Mineiro Pau – esta manifestação foi resgatada por moradores da comunidade e acontece na comunidade de Maria Mendonça, registrada pela pesquisa em apresentação da escola local; consta do material didático de devolução social.

 

Saberes e Fazeres (ofícios)

A Culinária

Queijo Caseiro - Em passagem pela comunidade de Dr. Elias, encontramos a Sra. Dulce Perdigão fazendo queijo por processo artesanal e registramos em fotos e vídeo para posterior edição de documentário. Contou a nossa equipe que aprendeu a fazer o queijo ainda jovem com vizinhos e atualmente fabrica em pequena escala para venda nas vizinhanças. Há pouco tempo atrás uma nutricionista teria lhe dado uma receita que a ajudaria a aumentar a produção, mas não a seguiu porque acha que com a sua receita o queijo fica melhor. Para sua receita ela retira o leite das vacas pela manhã e com este ainda morno do peito da vaca ela coloca o “qualho” e tampa para acelerar o processo de fermentação. Após algum tempo verifica a massa que se forma e a espreme em um saco poroso. Após a retirada do soro, a massa é colocada em formas furadas para facilitar a saída do soro restante. A massa é prensada até sair o máximo do soro e posteriormente é colocado sal sobre a massa que penetra dando o sabor ao queijo.  O soro é utilizado como parte da alimentação dos porcos. Após um dia o queijo, mesmo ainda fresco esta pronto para o consumo. Segundo dona Dulce, quanto mais tempo passa o queijo fica mais curado e será saboreado de acordo com o gosto do consumidor.

 

Fábrica de “Mariola” (doce de banana) - Há notícias de que na comunidade de Tapera no Distrito de Sodrelândia existe uma fábrica cuja pesquisa não pode ser aprofundada devido aos prazos e cronogramas do projeto.
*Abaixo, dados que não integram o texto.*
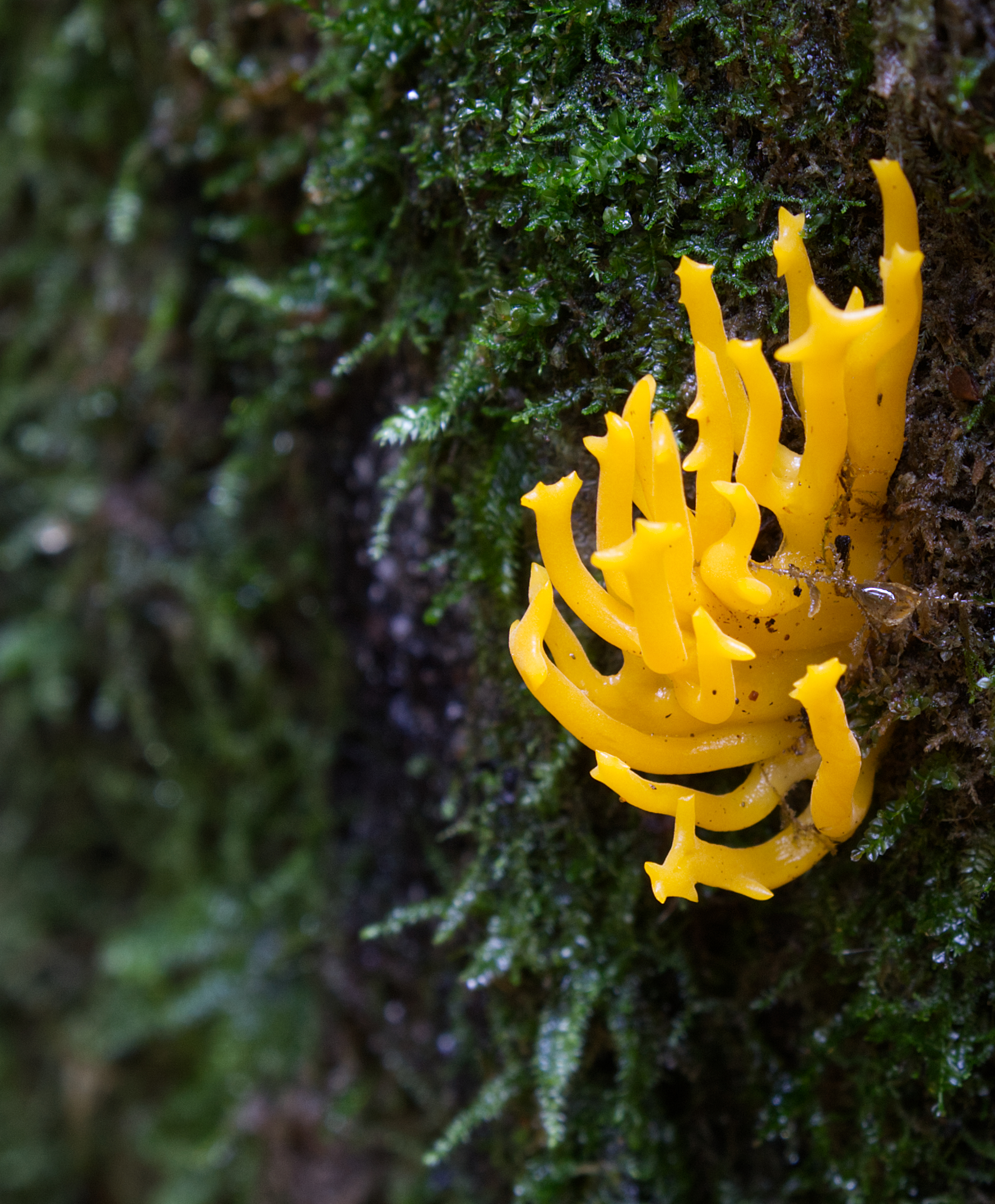 I found the jelly fungus Yellow Stagshorn (Calocera viscosa) on decaying logs and ground litter throughout the forest. Like most jelly fungi Calocera viscosa grows on wood, but the wood is usually moss-covered and often buried, so that the mushrooms appear terrestrial. More orange than yellow, this wood-rotting fungus with antler-like branches grows up to 10 cm high.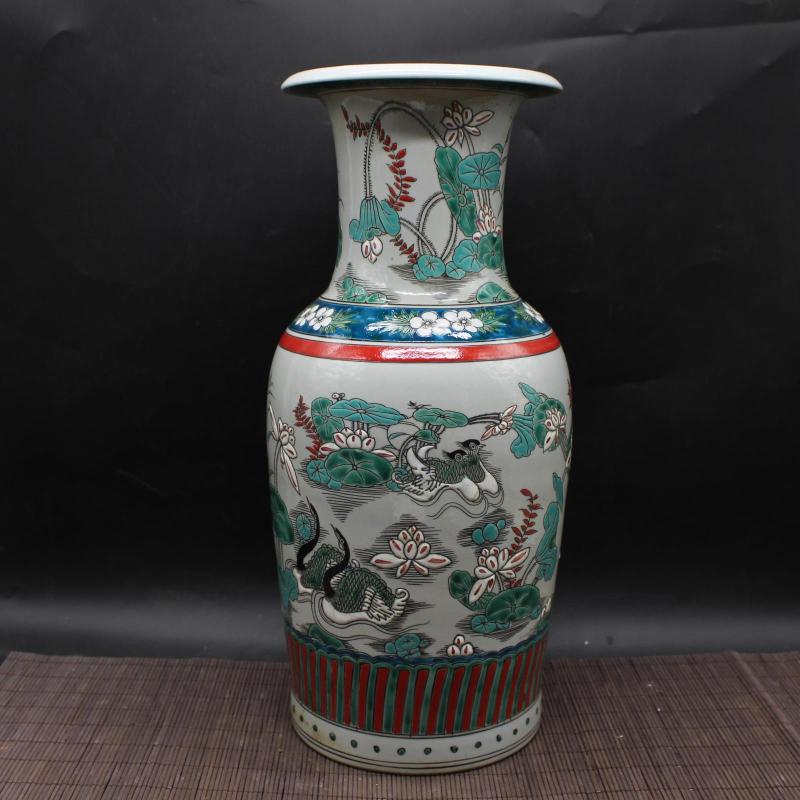 清雍正五彩荷花鴛鴦大肚觀音瓶 民間老貨收藏擺件 仿古瓷器古玩1入

Festa do Caqui - Na localidade de Gravatá acontece anualmente a Festa do Caqui, no ápice da colheita do fruto pelos produtores locais.

O Artesanato

v  Crochê

v  Em fibra de bananeira

v  Em bambu

v  Em madeira

v  Em arame na comunidade de Dr. Elias (Monte Café)

Lugares

  • Fazenda São Francisco - Na pesquisa foi citada como a localidade a partir da qual o município se originou, passando a ser de grande importância para os moradores.